Work required:
What is needed here is an exact printout of the data, with no pictures included.

Collected data:
☆ ☆ ☆ ☆ ☆
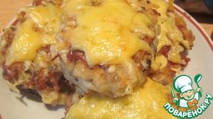 6. Вторую часть риса, баклажан, фарша смешать, добавить яйцо, соль, перец. Обжарить тефтели. Выложить на противень, посыпать тертым сыром
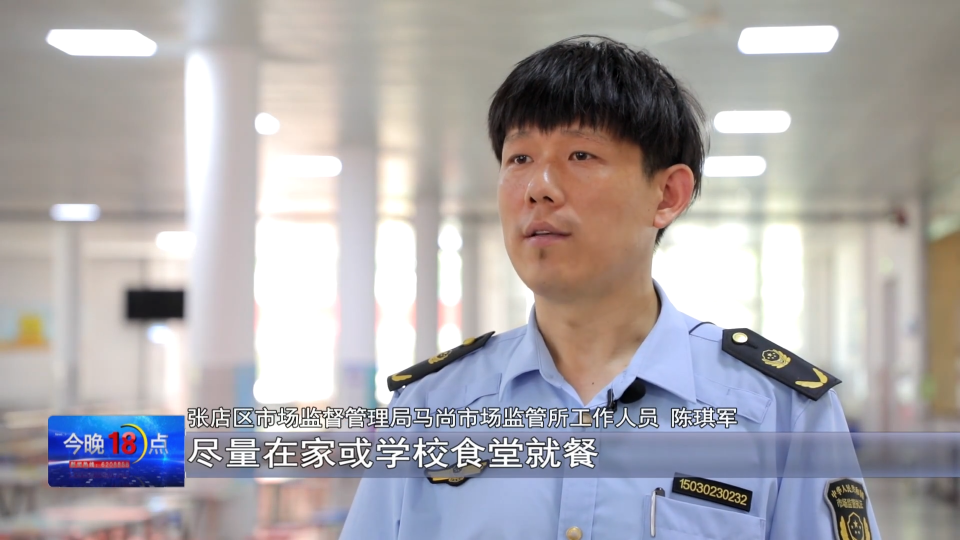 张店区市场监督管理局马尚市场监管所工作人员 陈琪军:张店区市场监督管理局温馨提示广大考生、家长注意食品安全:尽量在家或学校食堂就餐;外出就餐应选择持证、照齐全的餐饮场所就餐,请科学、理性、文明消费,制止、杜绝浪费;合理营养搭配,多食用清淡营养的食品,少食用油腻和生、冷食品。
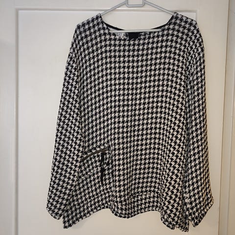 Masai bluse til kvinder i størrelse M. Blusen er sort med mønster og fremstillet i viskose. Den har en løs pasform med 3/4-ærmer og V-udskæring med lille krave. Velegnet som hverdagsbluse eller til mere afslappede anledninger.
☆ ☆ ☆ ☆ ☆
Task solution:
 6. Вторую часть риса, баклажан, фарша смешать, добавить яйцо, соль, перец. Обжарить тефтели. Выложить на противень, посыпать тертым сыром
 张店区市场监督管理局马尚市场监管所工作人员 陈琪军:张店区市场监督管理局温馨提示广大考生、家长注意食品安全:尽量在家或学校食堂就餐;外出就餐应选择持证、照齐全的餐饮场所就餐,请科学、理性、文明消费,制止、杜绝浪费;合理营养搭配,多食用清淡营养的食品,少食用油腻和生、冷食品。
 Masai bluse til kvinder i størrelse M. Blusen er sort med mønster og fremstillet i viskose. Den har en løs pasform med 3/4-ærmer og V-udskæring med lille krave. Velegnet som hverdagsbluse eller til mere afslappede anledninger.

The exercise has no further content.